Reputation: 1
I am stuck on a simple task. I want to create an empty DataFrame and append rows to it based on a query of another dataset. I have tried the answers here but I am missing something ..beginner Pythoner. Any help would be appreciated. I want to take the top 3 rows of each state and add them into a new dataframe for processing. I tried to append also..
def test():
#get the list of states
states_df = census_df.STNAME.unique()
population_df = pd.DataFrame()
for st in states_df:
temp_df = pd.DataFrame(census_df[census_df['STNAME'] == st].nlargest(3,'CENSUS2010POP'))
pd.concat([temp_df, population_df], ignore_index = True)
return 1
Upvotes: 0
Views: 87
Reputation: 634
I think I know what course you're doing, I had a great time with that a year ago, keep it up!
The simplest/fastest way I've found to concatenate a bunch of sliced dataframes is to append each df to a list, then at the end just concatenate that list. See the working code below (it does what I interpret you meant).
I agree with David's suggestion on sorting, easier to use sort and then just slice the first 3. As nlargest() works on and returns a Series I believe and not a dataframe, whereas you want to keep the whole dataframe structure (all the columns) for concatenation.
Also why is your function returning 1? Typo? I guess you want to return your desired output if you're putting it in a function, so I changed that too.
import pandas as pd
import numpy as np
#create fake data random numbers
data = np.random.randint(2,11,(40,3))
census_df = pd.DataFrame(index=range(40), columns=['Blah', 'Blah2','CENSUS2010POP'], data=data)
#create fake STNAME column
census_df['STNAME'] = list('aaaabbbbccccddddeeeeffffgggghhhhiiiijjjj')
#Function:
def test(census_df):
states_list = census_df.STNAME.unique() #changed naming to _list as it's not a df.
list_of_dfs = list() #more efficient to append each df to a list
for st in states_list:
temp_df = census_df[census_df['STNAME']==st]
temp_df = temp_df.sort_values(by=['CENSUS2010POP'], ascending=False).iloc[:3]

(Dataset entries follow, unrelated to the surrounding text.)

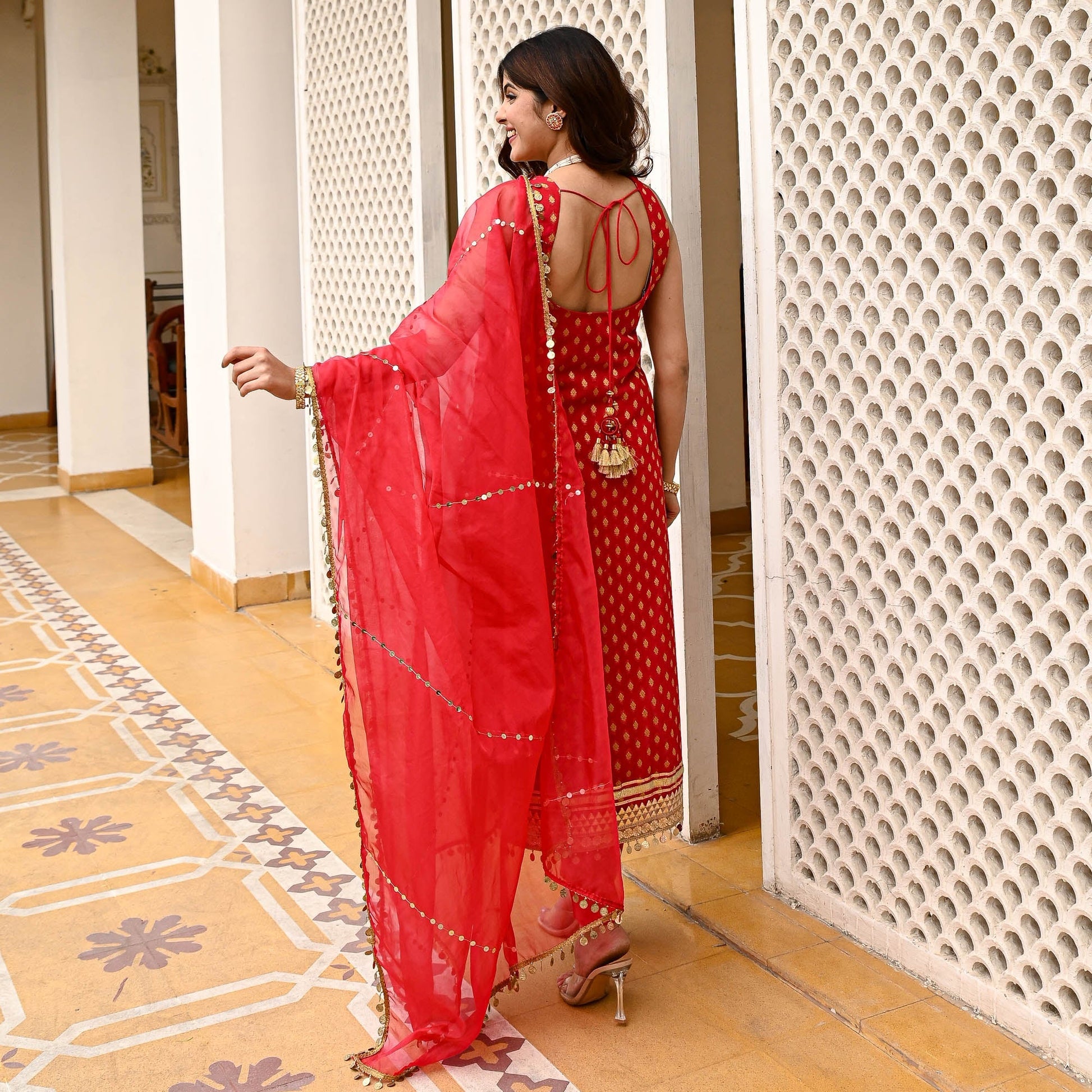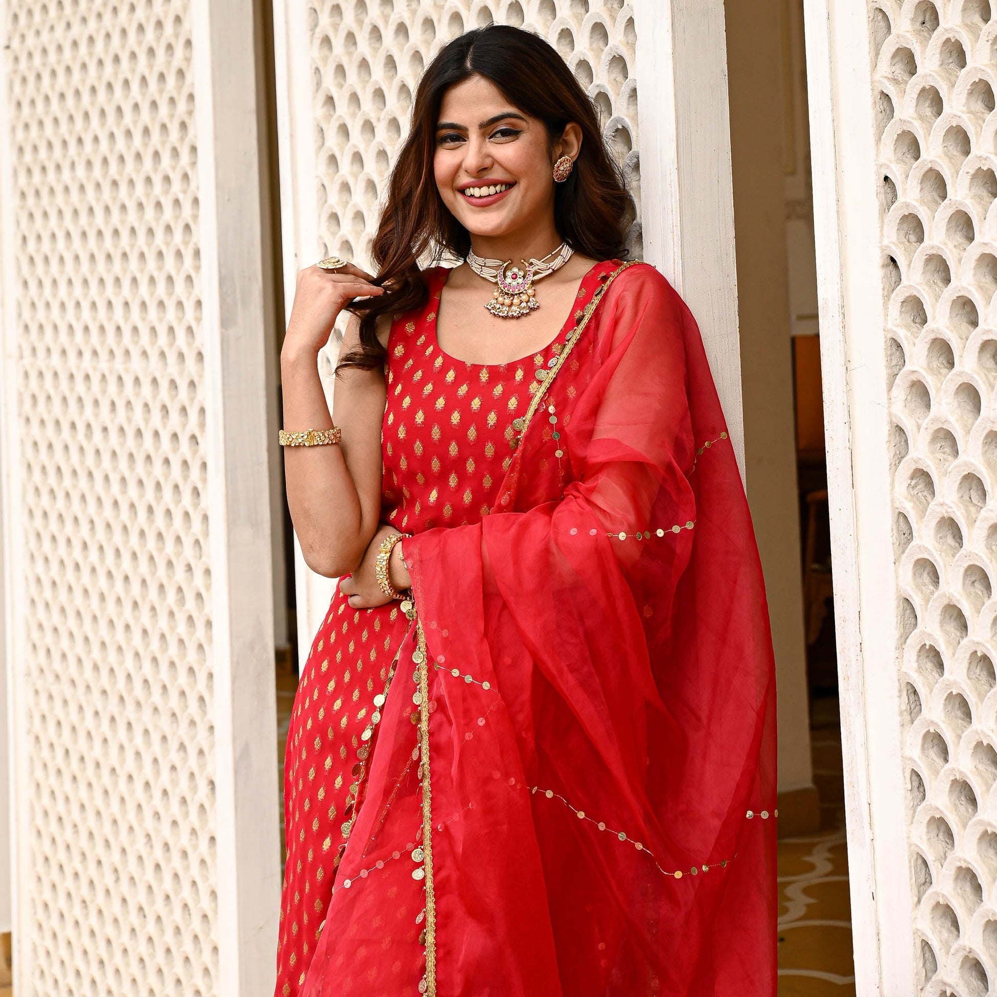 Indulge in the opulence of the Sabya Suit Set, where luxury meets tradition in a symphony of red jacquard. This exquisite ensemble boasts a sleeveless straight kurta, adorned with intricate sequin and gota handwork along the hemline. Complemented by matching pants and an organza dupatta, embellished with shimmering sequins and delicate coin lace trimmings. Elevate every occasion with timeless elegance.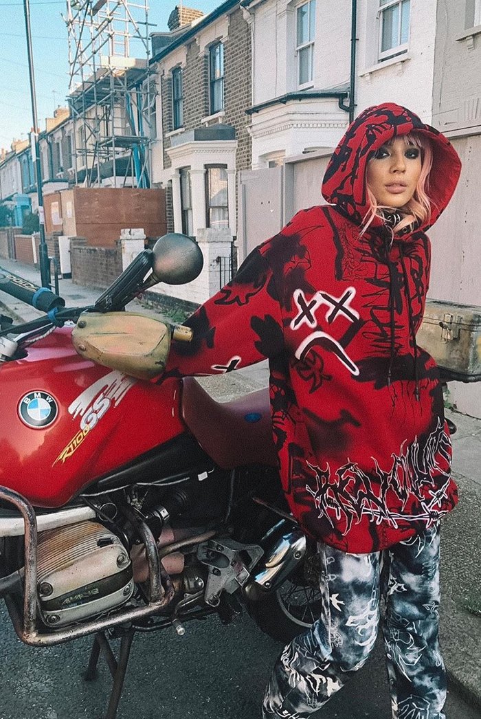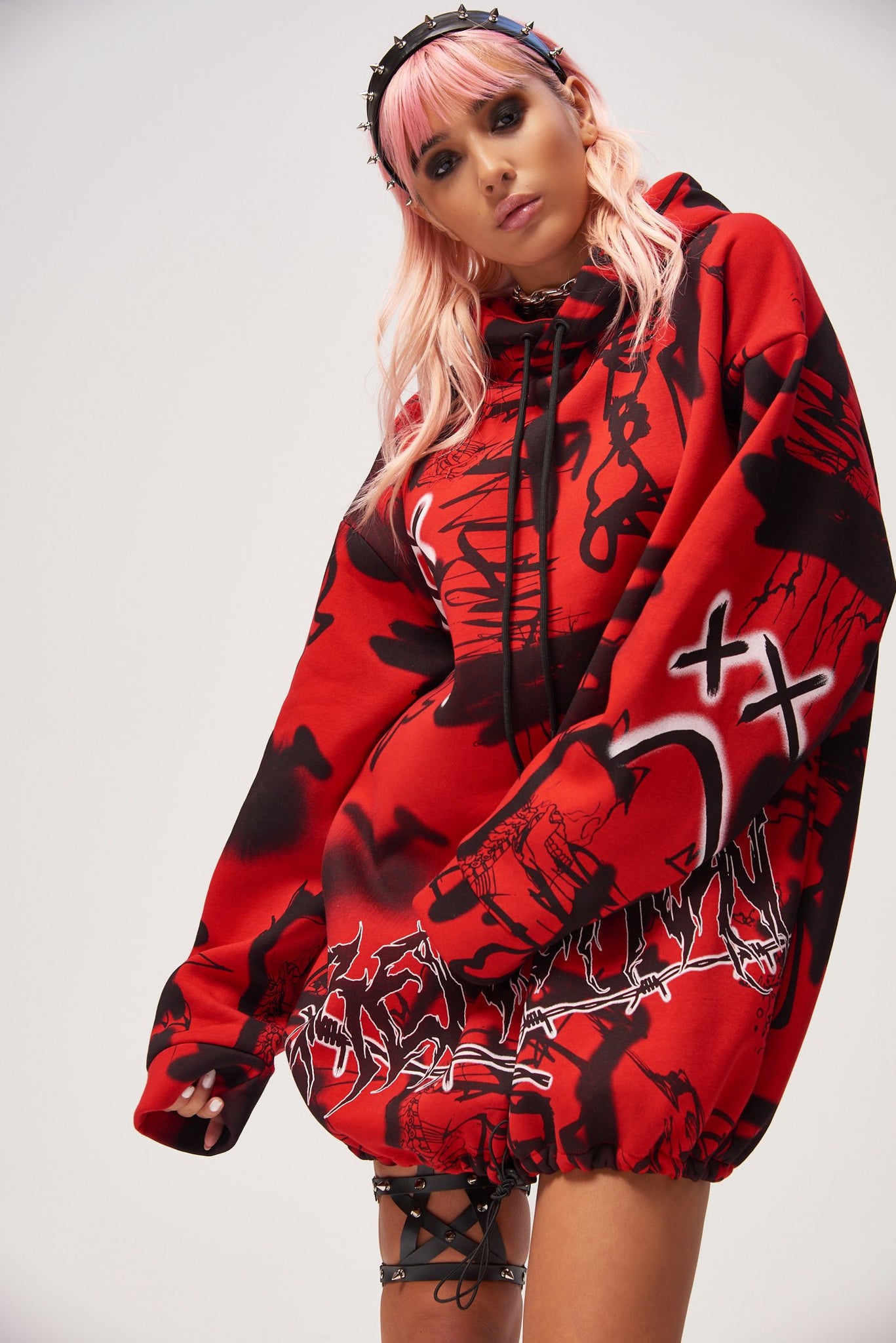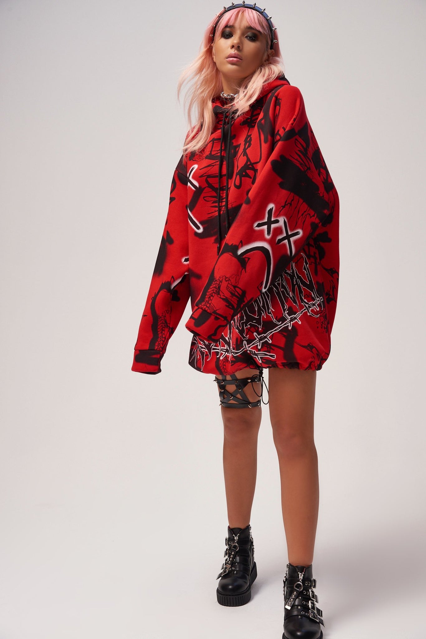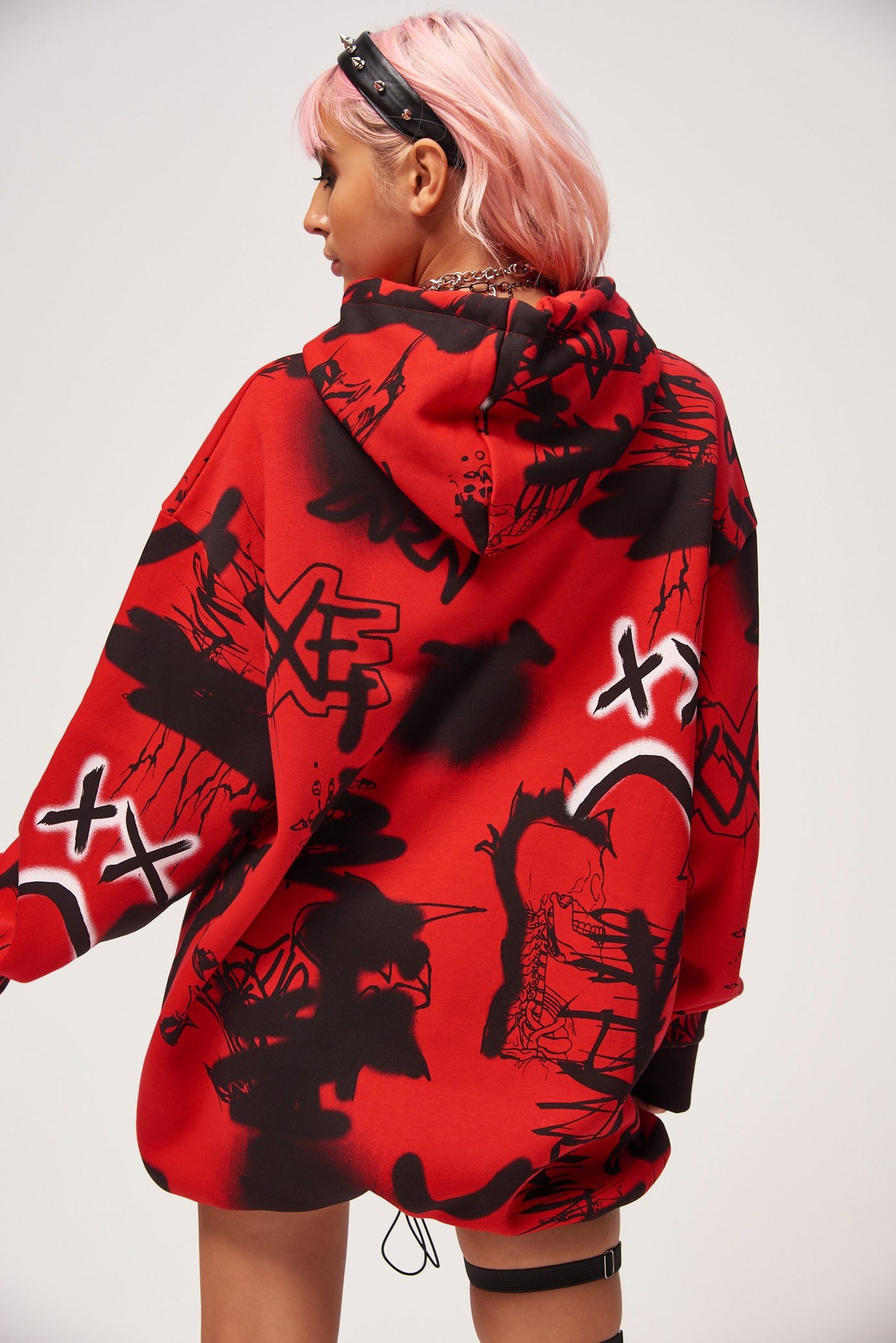 %text-1-start% Stay comfy in style rocking our graffiti print oversized hoodie dress!
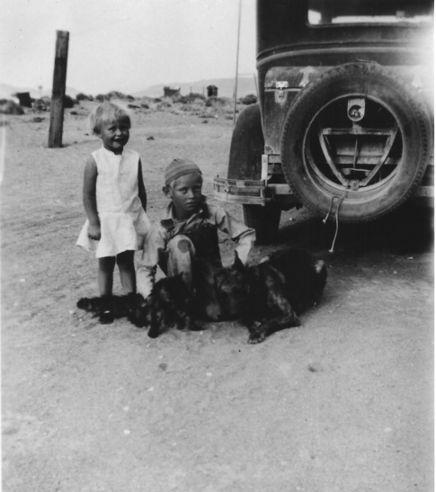 Subject: Jepperson children, Louise and Tom, residents of Ash Meadows, Nevada, ca. 1933. "Seems like I heard Tom was a World War II hero.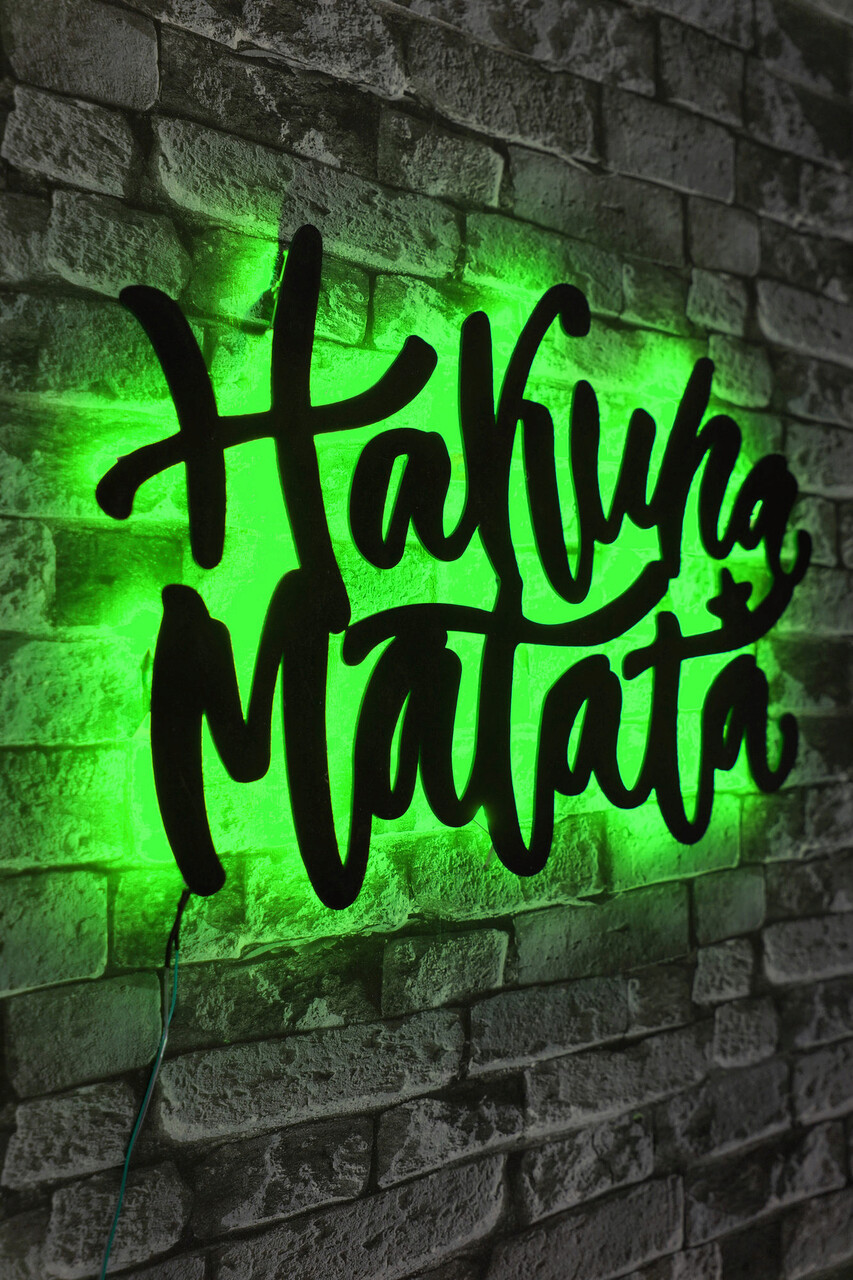 Decoratiune luminoasa LED, Hakuna Matata, MDF, 60 LED-uri, Verde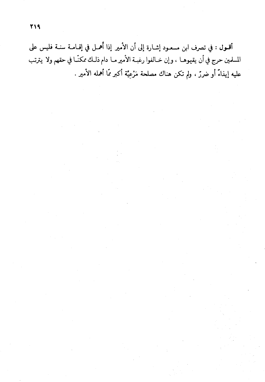 أقول: في تصرف ابن مسعود إشارة إلى أن الأمير إذا أهمل في إقامة سنة فليس على المسلمين حرج في أن يقيموها، وإن خالفوا رغبة الأمير ما دام ذلك ممكناً في حقهم ولا يترتب عليه إيذاء أو ضرر، ولم تكن هناك مصلحة مرعية أكبر مما أهمله الأمير.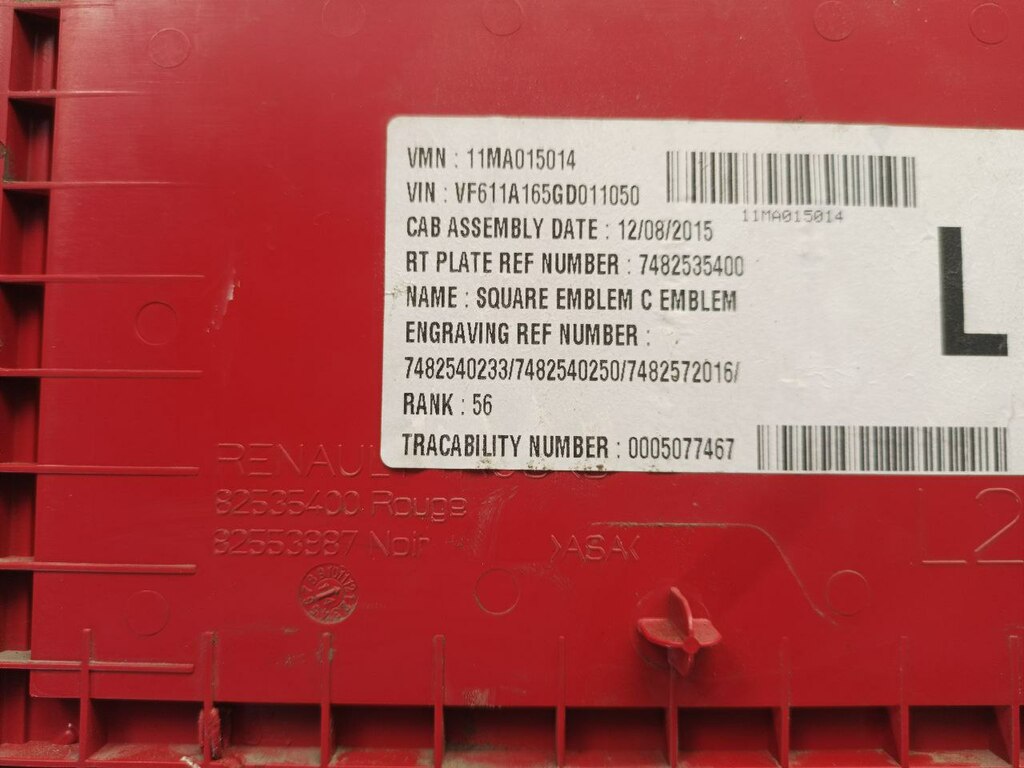 Предлагаем приобрести табличка кабины боковая левая б/у для Renault T-Series, оригинальный номер детали 7482535400 в наличии 1 шт за 3450 руб./шт с доставкой по России или самовывозом в Астрахани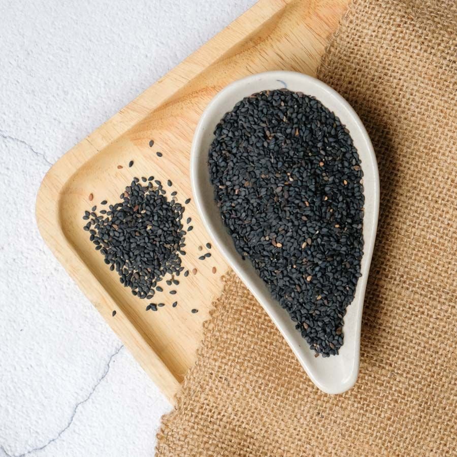 Đừng xem thường những hạt mè bé xíu! Mè đen chứa hàm lượng anthocyanin cao, cùng với vitamin E và canxi gấp 6 lần sữa, giúp da giữ nước, tóc bóng mượt và cơ thể dẻo dai.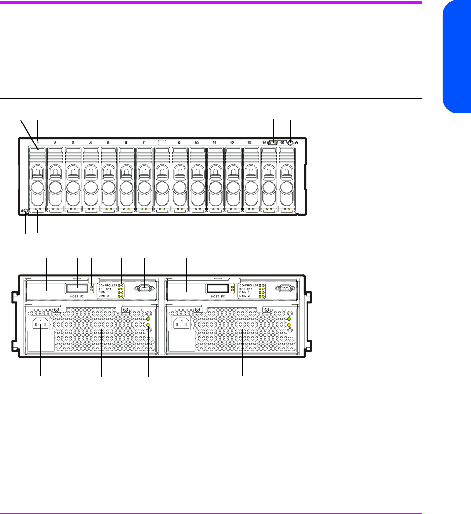 1 - Power/Standby Switch 9 - HOST FC LEDs

list_of_dfs.append(temp_df)
population_df = pd.concat(list_of_dfs,ignore_index=True)
return population_df
population_df = test(census_df)
Upvotes: 1
Reputation: 220
Welcome to SO! Is your problem appending or the top three rows?
For append, try the df.append function. It could look something like:
#get the list of states
states_df = census_df.STNAME.unique()
population_df = pd.DataFrame()
for st in states_df:
temp_df = pd.DataFrame(census_df[census_df['STNAME'] == st].nlargest(3,'CENSUS2010POP'))
population_df = population_df.append(temp_df, ignore_index = True) #append the temp df to your main df, ignoring the index
For the top rows you could us df.sort_values(by=['column name'],ascending=False) and then select the top three rows:
population_df = population_df.append(temp_df[0:3], ignore_index = True)
Upvotes: 0